Compositing Hitler into a picture of Obama's cabinet definitely a no-no. Juicing contrast or color a fair bit, or tons, as the case may be? More of an, ahem, gray area. Maybe PJ contests would be better advised to give work like this a firm "last place prize", rather than disqualify it.

I'm afraid that your overcooked example of the dump looks a lot like a typical National Geographic picture made with Kodachrome I.

I take photojournalism seriously. Manipulating images to the degree shown by this photographer is not acceptable as photojournalism. The manipulations - especially the tenement one - are equivalent to lying. The tenement manipulation increases the squalor of the place by orders of magnitude. It changes even the person's skin color - a lot. Years ago, another photographer got into hot waters for darkening the skin color of the subject (an african-american) - do you guys remember that?
Freedom of expression in art is one thing, deception in reporting is another. Photojournalism should never be like advertising. Mike is completely right, and I am glad he has the guts to speak out.

Mike, just a small correction. The HDR dial goes up to _23_. :-)

Yep. I had considered saying something similar in my brief comment yesterday - that the photos look like they were taken on some planet circling a star in a galaxy far, far away, not here on Earth.

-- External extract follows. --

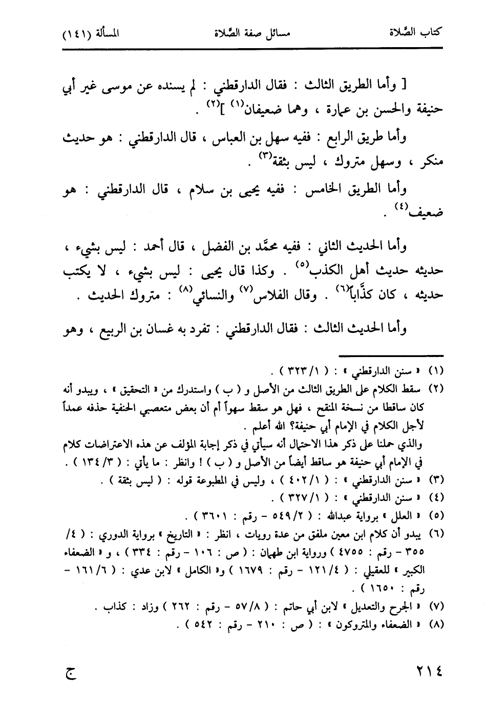 (2) سقط الكلام على الطريق الثالث من الأصل و (ب) واستدرك من "التحقيق"، ويبدو أنه كان ساقطاً من نسخة المنقح، فهل هو سقط سهواً أم أن بعض متعصبي الحنفية حذفه عمداً لأجل الكلام في الإمام أبي حنيفة؟ الله أعلم.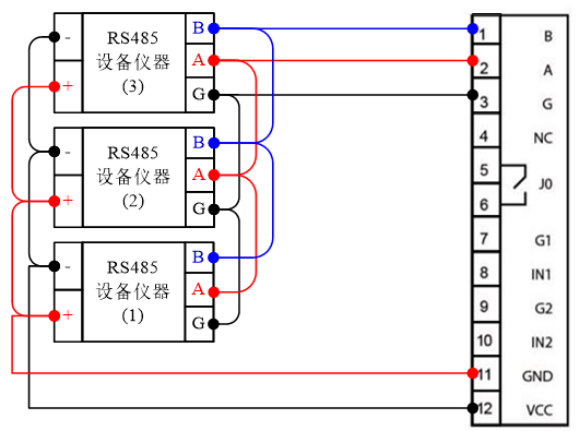 (2)多RS485設備時,采用“手拉手”接線方式;外接傳感器設備(RS485設備儀器)在電源與網關電源適配的前提下可以由網關供電。接線如圖2:

The fact that one has to argue that the photo reproduced above has taken liberties with reality in its reproduction goes to show just how far the limits of credulity have been stretched. I'm not sure if it is the inevitable result of technology's trajectory or if rigor has simply gone out of fashion.

Take for example, the straw man that has been made of the raw file. Because a raw file must be rendered via "some" curve does not mean that any given "interpretation" of that raw file is equal. Such an argument is patently silly.

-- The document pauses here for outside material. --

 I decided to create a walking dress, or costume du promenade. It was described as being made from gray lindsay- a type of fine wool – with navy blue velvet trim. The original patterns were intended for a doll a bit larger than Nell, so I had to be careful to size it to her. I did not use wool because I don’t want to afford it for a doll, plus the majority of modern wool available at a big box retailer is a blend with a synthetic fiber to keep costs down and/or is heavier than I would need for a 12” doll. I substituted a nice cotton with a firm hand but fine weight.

Digital photography has not suddenly superseded reasonable verisimilitude--and anyone who shoots film, or has a preference for it, is by definition not a Luddite. End stop.

Journalistic standards are, like any standard, subject to the dictum of contemporary taste and preferences (even downright biases) but it doesn't follow that standards are useless or "untrue" as truth itself is subject to the same preconditions. And given the current environment, where propaganda has become synonymous with reportage, we need these standards more than ever.

I never understood why people get so bent out of shape over "processed" images. Even if YOU don't change a thing yourself, your final image is still a result of your lens characteristics and filters, your camera's processing chip and software (or film type and manufacturer), and your own digital work flow (or film lab preferences).

For me, the final look of an image is determined by what type of feeling I want to convey. Maybe B&W or selective color for a more emotional, intimate feel; HDR for a stunning out-of-this-world look; adjusted color and contrast to more closely resemble what I think I saw; or simply leave it untouched for historical accuracy.

I'm not even against using effect filters just to be playful or artistic.. I'm even guilty of *gasp* adding fake backgrounds, cloning out undesirable elements, and even swapping people's heads around! Surely there must be a special place in Photographer's hell waiting for the likes of me!

I use whatever techniques are at my disposal to produce an image that is as close as possible to how I envision it in my mind's eye. All the possibilities are what makes this hobby so much fun for me.

C'mon folks, you're supposed to be enjoying this whole photography thing, remember?

I didn't comment on the PJ post because it seemed obvious that the images were outside accepted photojournalism standards.

I don't think HDR as a process should necessarily be placed in the wretched excess category. Extended dynamic range is a benefit if it allows images to convey more information in a natural way. The issue is that the current HDR tools lack sufficient control to render subtle images. When and if the tools become more precise HDR may be very useful.

One other point that I think is worth mentioning. Pop culture is an HDR over the top world. It's all about attracting the maximum attention from people with short attention spans. People who are growing up in this saturated environment can hardly be blamed for being influenced by the hype.

For my part, I would side with the Danish judges for a reason that matches Mike's justification to give his opinion. Just as this website is his blog so he is the ultimate arbiter of what can be on it, their contest is to be run by their contest judges. If they think something isn't in the spirit of their contest, that's their prerogative--end of story, at least for the contest.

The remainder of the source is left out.